# agility classes



## faerie (Mar 27, 2010)

i am on my way to my first class! i am finishing up basic obedience w/ temperance and yesterday they said that there is a space availabe starting today w/ beginners agility. usually they only do beginners 2 times a year and if i wasn't there i would hyave to try in the spring and the list already has 17 on there.

so fast as fast i emailed AND called and she said come on this morning.

i am waiting for her shot records to be faxed and (and i'm receiving them right now in my office) and we're off. 

it's pretty spur of the moment. i hope it works out!

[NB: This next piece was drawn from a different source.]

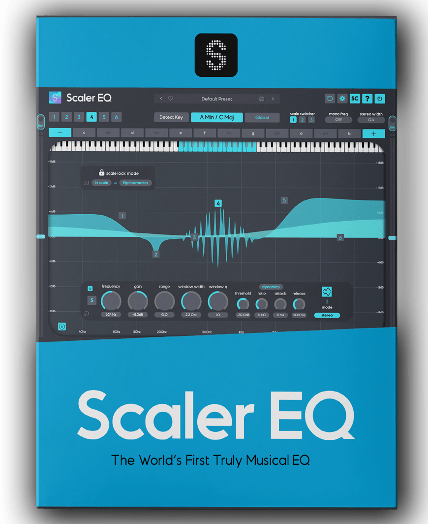 Scaler EQ delivers the first truly musical EQ—a groundbreaking tool that enhances frequencies in key with your track while suppressing out-of-key elements. Unlike traditional equalizers, Scaler EQ ensures every boost and cut maintains harmonic integrity, offering warmer lows, clearer mids, and sweeter highs.
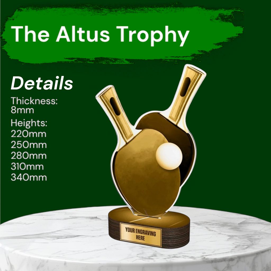 The Altus Classic Table Tennis Trophy is a sleek and modern award, designed to make a bold statement at any presentation.

and i've got a very busy day with work ... so this isn't opportune, but hey grab it while you can!


----------



## Olie (Oct 10, 2009)

Yah...hurry and get there safe!!

Have fun while you are at it!


----------



## debjen (Jan 4, 2010)

Yeah...have fun


----------



## faerie (Mar 27, 2010)

i am back. it's so much fun!!!


----------



## debjen (Jan 4, 2010)

faerie said:


> i am back. it's so much fun!!!


and another one is hooked.. 

Glad you had fun..warning warning warning..agility is addictive


----------



## creativeparti (Mar 9, 2009)

glad u enjoyed it me and todd love agility... we have our first comp on the 3rd of oct


----------